Are we talking a punch in the mouth hurts you? ....... or doesn't buy you flowers on your birthday hurts you?


----------



## MattMatt (May 19, 2012)

ElwoodPDowd said:


> Are we talking a punch in the mouth hurts you? ....... or doesn't buy you flowers on your birthday hurts you?


Or long term mental abuse, belittling, constant verbal abuse, etc?


----------



## uphillbattle (Aug 17, 2011)

Shortly after I first started on these boards, there was a man who showed up in the sex in marriage forums. He had a quick story about his sexless marriage. Of course the LD Lynch Mob immediately pounced with the usual "its abusive" "it's wrong" "do the 180" "think of divorce" blah blah blah. A couple of hours later his wife saw his account and decided to read. Then she posted from his account. It turns out the OP was abusive, had a HUGE member and wasn't gentle at all, and not too long ago got caught in an affair.
Some people come on here with a short story and leave out large portions of the story just so they can get validation for how they feel. I have a feeling


SeeMoore said:


> We are currently having an issue


Is just as if not more important as 


SeeMoore said:


> last night he threw in my face


I would doubt op posts again. I hope I am wrong.


----------



## GusPolinski (Jan 21, 2014)

Just a thought, but if I’d done something to “hurt” my wife, spending time together doing something that we both enjoy might be one of the things I’d propose doing to make it up to her.

That said, it would be helpful to know more about the specific ways in which he’s hurt you.


----------



## Benbutton (Oct 3, 2019)

MattMatt said:


> Or long term mental abuse, belittling, constant verbal abuse, etc?

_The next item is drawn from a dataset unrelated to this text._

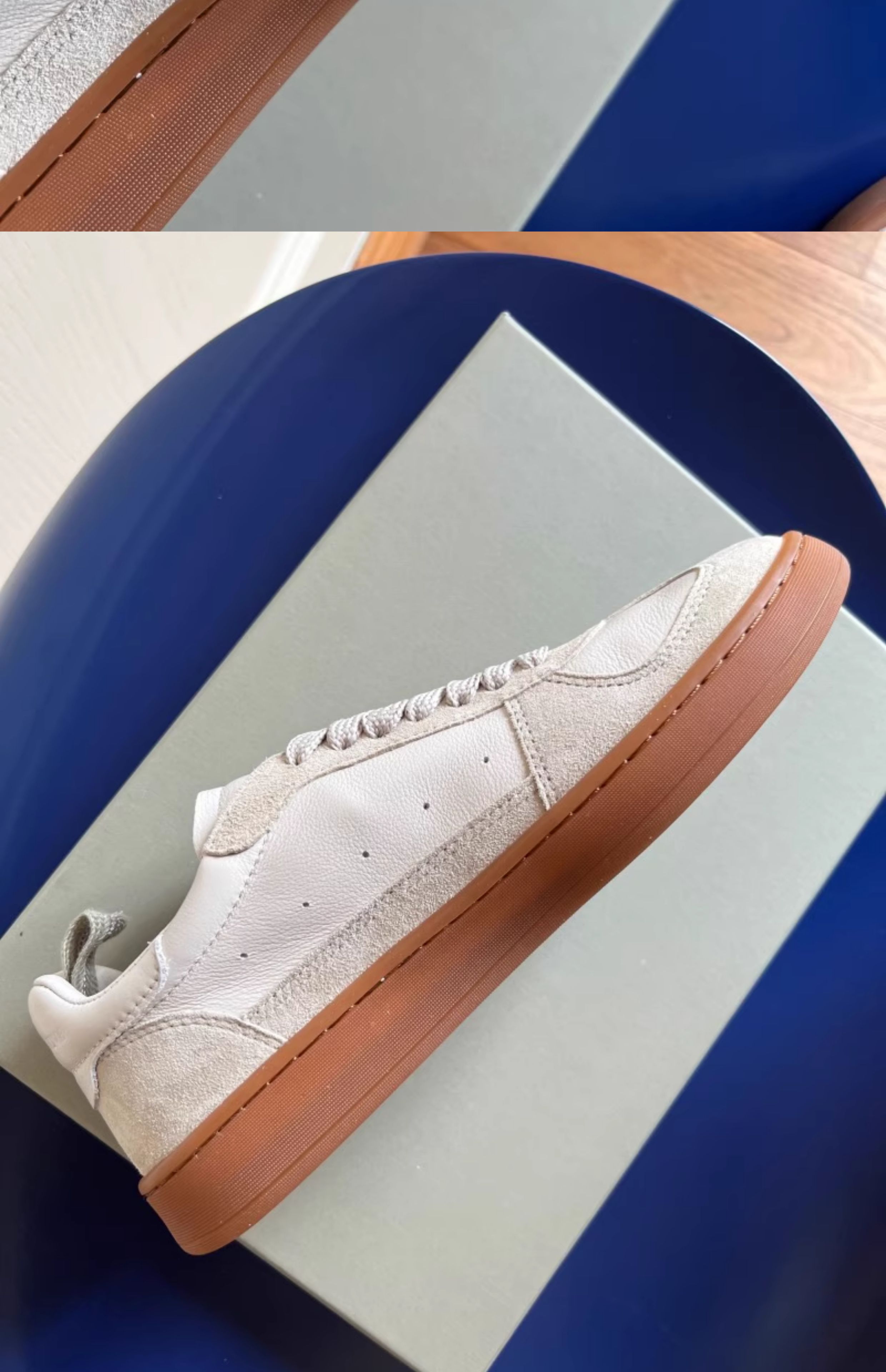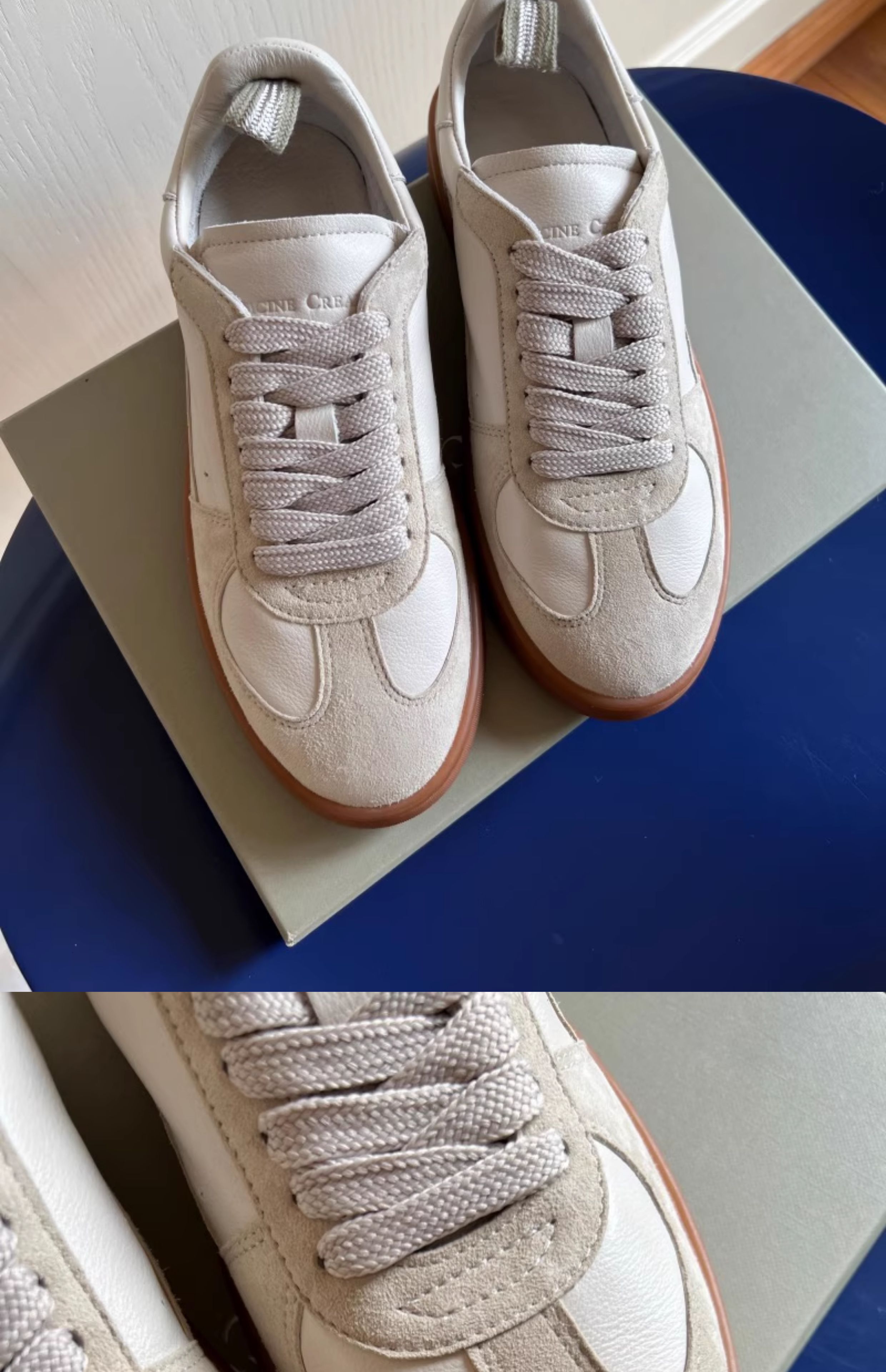 No Break-In Period! Comfortable! Italian Handmade Shoes, Off-Duty Training Shoes, Full Leather Color-Blocked Casual Sneakers, Retro

We don't know, the initial answer was vague. No wonder he ignores the issues.


----------



## Evinrude58 (Jun 16, 2014)

DownByTheRiver said:


> Of course *your* friends are right. He knows that.


is that a joke?


----------



## Evinrude58 (Jun 16, 2014)

SeeMoore said:


> *When my husband hurts me and refuses to deal with the problem or try to find a resolution, I go quiet.* While the issue remains unresolved, he gets angry with me when I won't do things with him that he wants to do, like go out to dinner with friends or take a day trip or do some of the outdoor activities we like to do together. What I am looking for is a different perspective because when he wants me to do things with him, to set aside how I'm feeling so he can still do the things he enjoys or we enjoyed together, he makes me feel like he doesn't care that we're having a problem, he makes me feel like he just cares that I don't stop his fun. (Which he has said to me in the past) How do I go to dinner with friends and pretend that everything's fine? How do I go on a day trip with him just the two of us and pretend like I'm having a good time? I don't understand, am I seeing this all wrong?


admittedly triggering here.... are you saying he gets the major silent treatment over nearly anything?

you have been really vague about what your arguments are about, and this causes some speculation. Could you clear that up?

Are you arguing about which restaurant to eat at, or something of significance like which buzz bait catches more bass?


----------